UPS workers in the United States have voted to authorize strike action at the logistics giant by 97 percent, according to a Friday press release from the International Brotherhood of Teamsters. The voting took place over the past week at locals around the country.

The margin reflects a fighting mood among rank-and-file UPS workers. They are determined to win better working conditions, end the exploitation of part-time workers and second-tier, “hybrid” drivers and beat back the company’s demands for expanding Uber-style “personal vehicle deliveries,” among other key demands.

But the Teamsters bureaucracy is working deliberately to sabotage this determination. In the press release, they claim that the strike authorization vote gives the bureaucracy “maximum leverage” at the bargaining table.

In fact, the strike vote was slapped together at the last minute and structured in a way to deliberately suppress turnout.

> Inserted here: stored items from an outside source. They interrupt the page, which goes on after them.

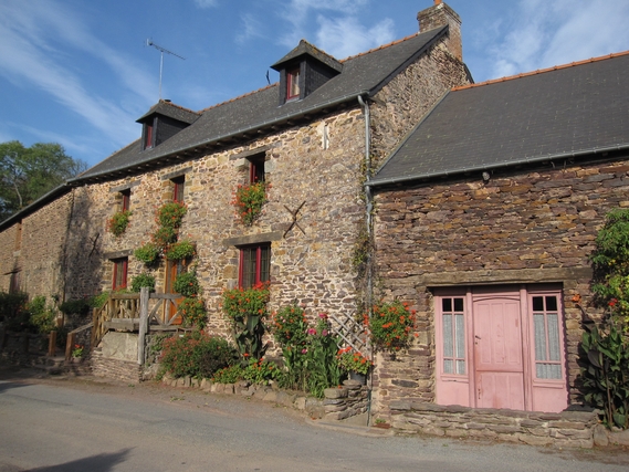 Because he didn’t see the castle of Paimpont, Serge stopped in a typical small village where the houses are built of red shale. In ancient times there was no court house in this town of Monterfil but there was and is still a “chicane” where chicaneries were resolved. Our pause was enhanced by an explanation for tourists from the owner of the place, who was in the process of removing all the superb geraniums from the windows.
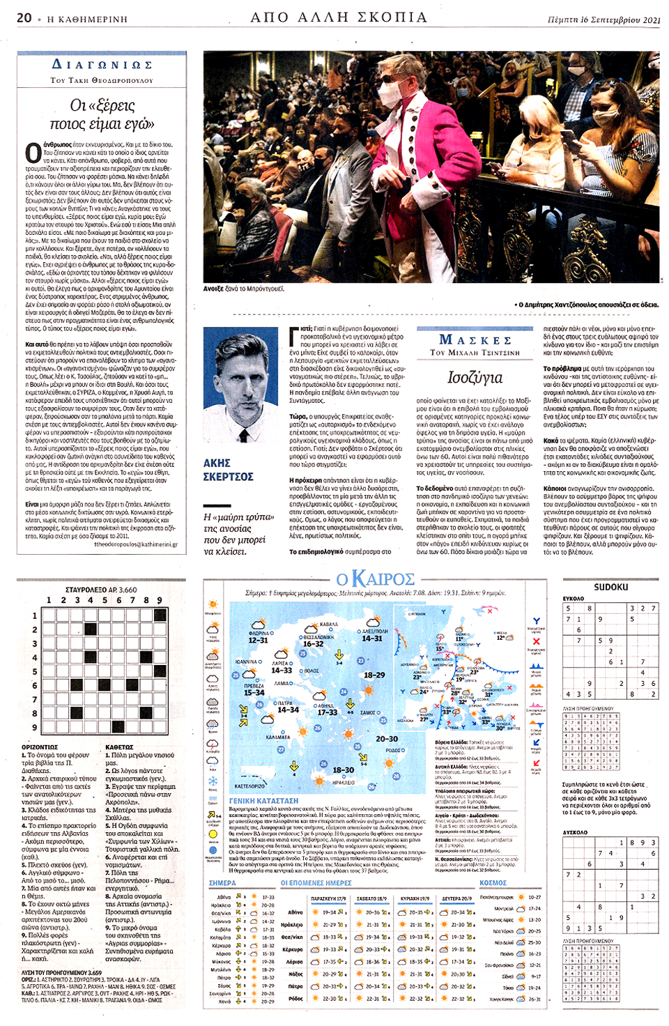 ΚΑΘΗΜΕΡΙΝΗ - 16 Σεπτεμβρίου 2021
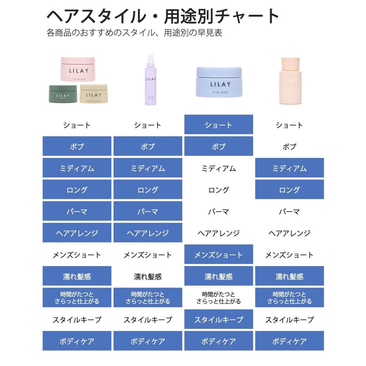 エチルヘキサン酸セチル、水、セタノール、シア脂、オリーブ果実油、ステアリルアルコール、ベヘニルアルコール、テトラオレイン酸ソルベス-30、スクワラン、ステアレス-2、パルミチン酸デキストリン、グリセリン、ペンチレングリコール、ミツロウ、カルナウバロウ、ホホバ種子油、ステアロキシプロピルトリモニウムクロリド、水添レシチン、トコフェロール、ベタイン、加水分解ケラチン、センチフォリアバラ花水、イチョウ葉エキス、キハダ樹皮エキス、ハマメリス水、ニオイテンジクアオイ油、パルマローザ油、ラベンダー油、イランイラン花油、コリアンダー果実油、ローマカミツレ花油、マンダリンオレンジ果皮油、オレンジ油、ウイキョウ果実油、BG、フェノキシエタノール
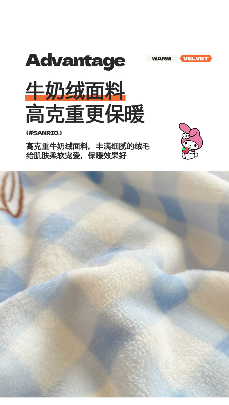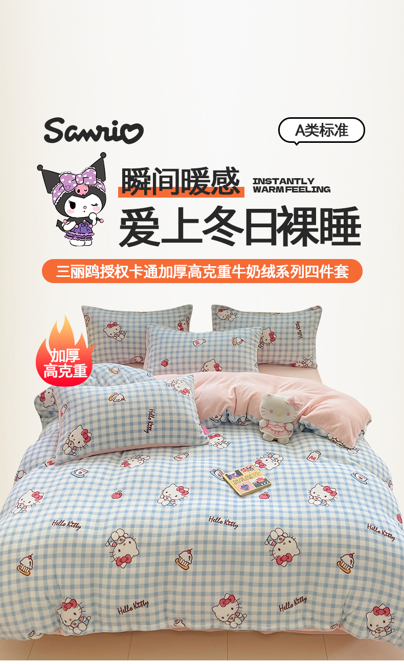 当前位置: 91家纺网 > 商品网购 > 床品套件 > 四件套 > 牛奶绒四件套 > 桃子家居 2025新款A类正版三丽鸥授权卡通加厚高克重牛奶绒系列四件套 绒三丽鸥-甜心kitty蓝
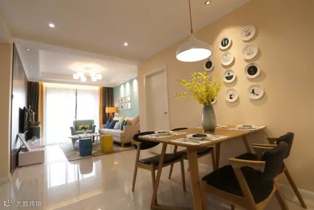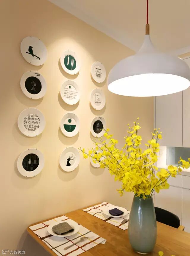 ▲安静的鹅黄色与欢快的跳舞兰,一动一静,圆形的装饰盘,呼应了餐厅的空间。
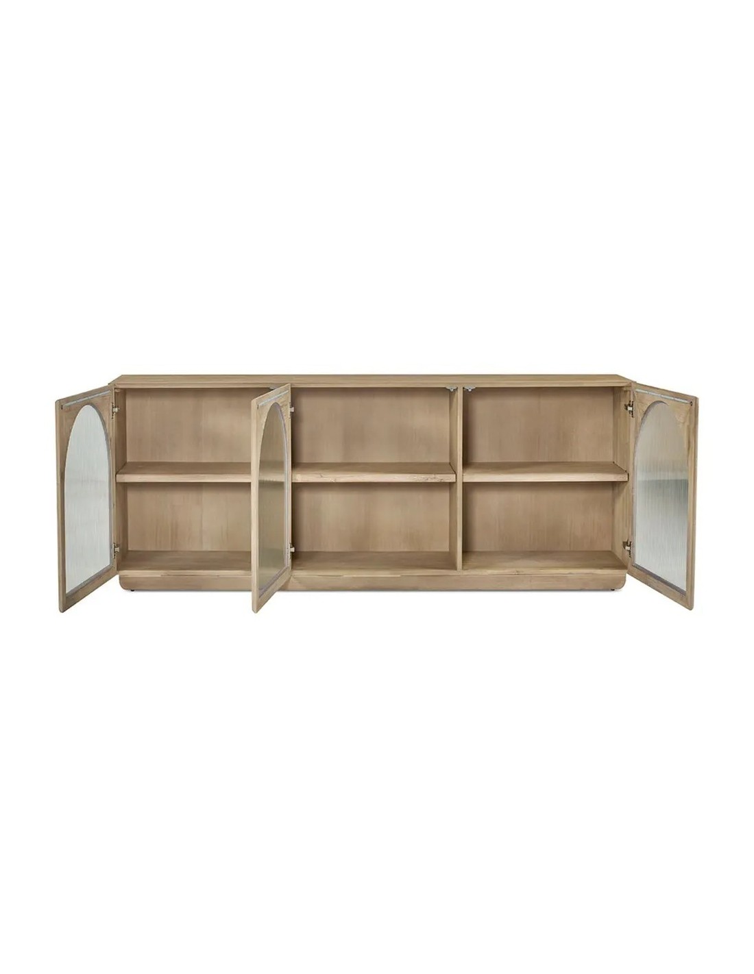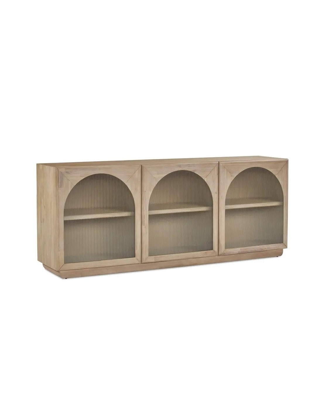 Aparador de diseño elegante fabricado en madera natural, con 3 puertas de cristal acanalado que aportan ligereza visual y un toque sofisticado.

Instead of sending out voting packets to all 340,000 members at UPS, the union left each local to hastily organize the vote themselves. In some areas, polls were open only a few hours, and were only available at the local union hall. At the large Local 804 in New York City, polls were originally scheduled to be open only last Thursday and Friday, before they were suddenly extended for an extra two days without explanation.

In discussions with WSWS reporters at major UPS facilities in Louisville, New York City and Chicago, many workers, especially younger part-timers, reported not even being aware that a strike vote was taking place.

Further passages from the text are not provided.